RYS 200, RYS 300 - Yoga Alliance, USA
For some reason, empathy has been heavy on my mind lately. You know, the type of human emotional connection that doesn’t allow us to walk past the same homeless man on the corner asking for that one dollar every day; to the woman on the subway with two babies attached to her hip with bags under her eyes as heavy as the laundry she’s also hauling; to you feeling the pain of your close friend mourning a loss in their life as if it were your own loss. Thank goodness we have evolved as species with cognitive and emotional empathy, giving us an innate function to connect with other humans, and even other forms of life.
Did you see Louis C.K. on The Conan Show sharing his distaste toward cell phones? In a very comedic and clever way, he identifies the crisis we are currently facing as a species. We are becoming less aware of human emotion (both our own and that of others), more detached from self, and therefore less empathic toward others. One culprit he points out is the smart phone. This can be affirmed if, for example, you live in a city and you notice less eye contact with people you pass on the street as their heads are down, lost in their electronic world. There is nothing wrong with technology, but the misuse, or in this context, the over-use of it can be “dehumanizing”.
Feelings of fear, loneliness, and sadness are often evaded through the quick use of our cell phones, internet or the television. We have learned, over time, that it is so much easier to replace time spent sitting in these natural human emotions with temporary pleasures met through our electronic devices. On the contrary, a recent experience journaling evoked common emotions associated with hurt from the actions of a close friend of mine; it opened up a door I was not expecting. It was hard to allow these feelings to pass through what felt like my veins into my heart and pumped back out to the rest of my body. No, I did not want to cry over this person anymore, but apparently more crying needed to happen. After allowing the wave of emotions to pass, I suddenly started laughing as I realized these heavy emotions surrounding me had absolutely no control over me. I still had money in my bank account, a place to live, a career I’m still building up, connections with close friends and life ahead of me.
Something triggered these emotions and instead of pushing them out, I sat with them. I allowed them to take their course – being mindful not to obsess over them - and then gently let them pass as I breathed out a positive prayer for this person and situation. Then, all of sudden I felt better. My mind felt de-cluttered, my body felt lighter and I felt I had more space for something else. I interpreted this as me allowing myself to heal and give myself permission to move forward, past the hurt feelings. Just think - if you quickly run to the internet or your phone to avoid unwanted feelings you may be robbing yourself of true healing, a deeper understanding and appreciation for yourself and others in the passing of emotion.
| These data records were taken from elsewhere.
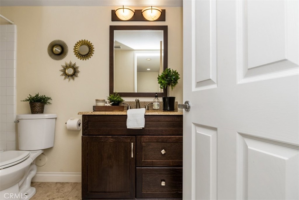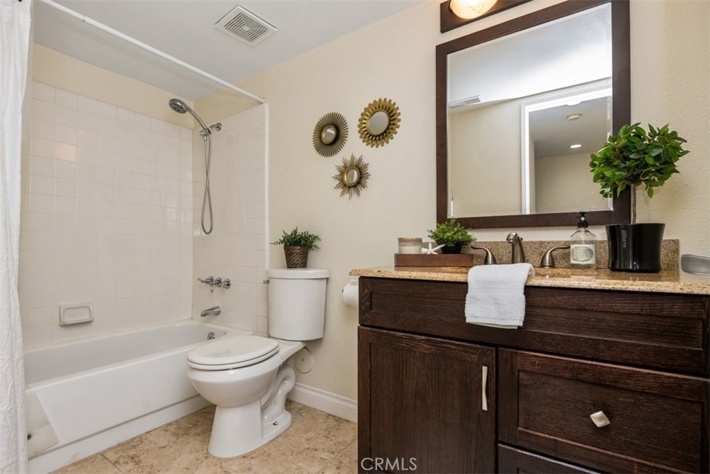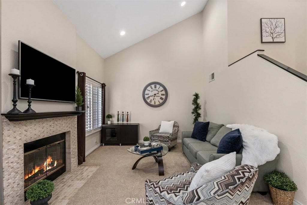 THIS IS THE ONE TO SEE! Welcome to the beautiful Hills of Anaheim in the Horizon Community. This two story, single family home boasts three spacious bedrooms, vaulted ceilings and has a magnificent gas fireplace. The MAIN LEVEL bedroom is currently configured as an office but can be easily converted into a bedroom. A full bathroom is also located on the main level. The remodeled kitchen has granite countertops, a breakfast nook and a gas range that makes cooking a breeze. Upstairs, you will enjoy two additional bedrooms with en suite bathrooms. The master bedroom has expansive vaulted ceilings and a walk-in closet. Plantation shutters and new recessed lighting complement every room of the home. The two car garage and additional parking provides ample room for guests. The Horizon community offers a pool and spa and is a short distance to beautiful nature trails with epic views. Don't forget to check out the Matterport Virtual Tour! Don't miss your opportunity to move into this great community! This is a Must See!!!
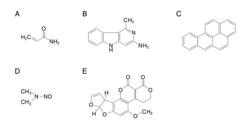 E(アフラトキシンG1)は、Aspergillusflavusが産生する発がん物質である。アフラトキシンG1は、シトクロムP450によるエポキシ化を受け、発がん性を示す。
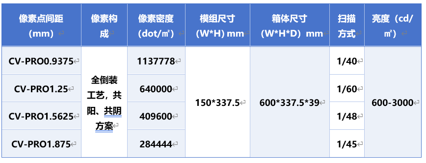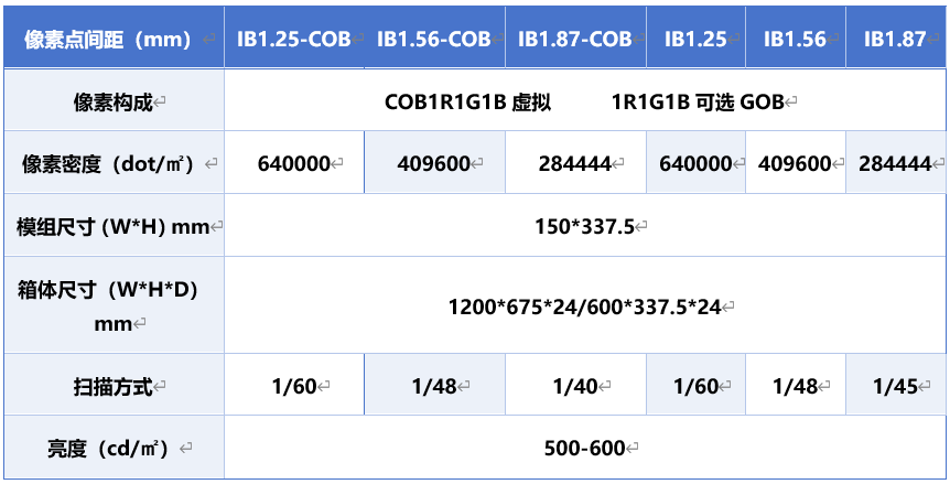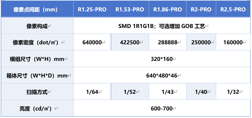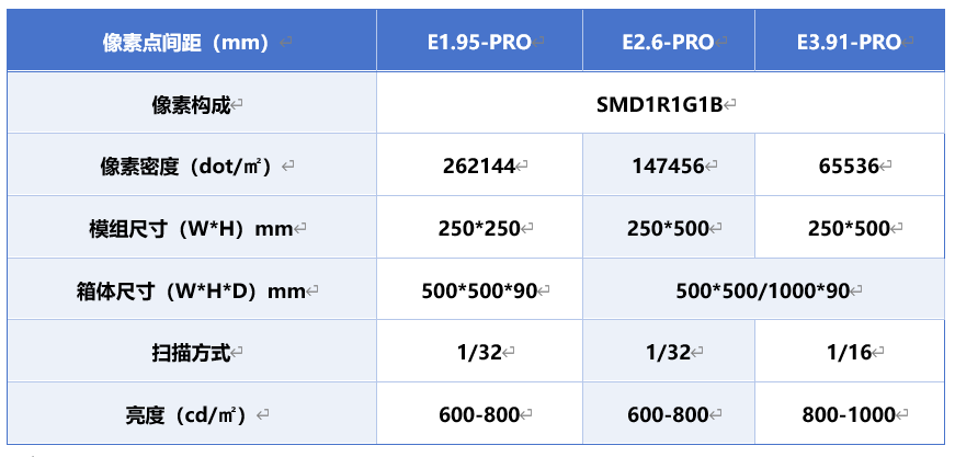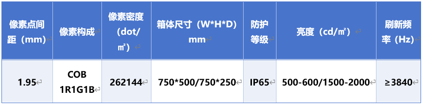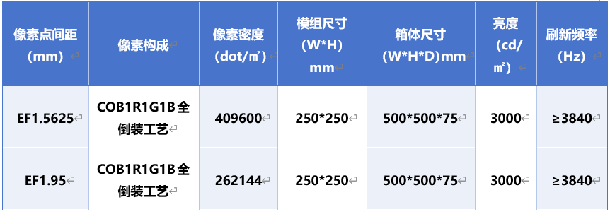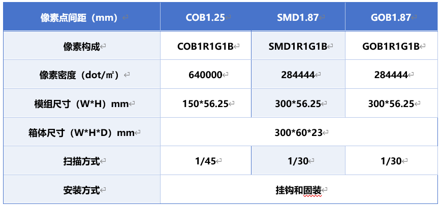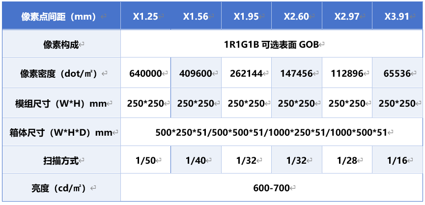 模组尺寸:200mm*500mm/250mm,箱体尺寸:1000mm*500mm,点间距1.25mm/1.56mm/1.95mm/2.6mm/2.97mm;

So, naturally, when I see another person expressing similar feelings either on their face, through their body language or in their speech - I feel connected to them. Or, in literal terms, I feel connected to their emotion. I feel I have walked with them in their pain and I then have compassion. Similarly, when I experience the joy and happiness from another, I mirror these positive emotions and I too feel elated. I am then more likely to exchange a friendly smile or give that dollar when reason says otherwise.
Emotions are a window into a person’s soul, into their life; whether they intend to invite you or not, they are signaling a need to be connected. What we do with someone’s unintended or intentional delivery of emotion is where we can make a difference in that person’s and our own life. This is no easy task by any stretch of the imagination and it takes consistent practice and awareness. It starts with us leaving our cell phones at home when going out with friends or even a quick run to the grocery store. It takes us sincerely asking our roommate, “How are you?” and allowing time for a meaningful response and dialogue. It takes us being aware of our own emotions, not being afraid of them and being open to connecting with similar emotions in the people nearest to us and the emotion met through the eye contact with a stranger.
I love the expression of “Namaste”, as we place our hands of prayer at the heart our soul recognizes the soul of another, and having respect for our own self and for our neighbor, we are more connected.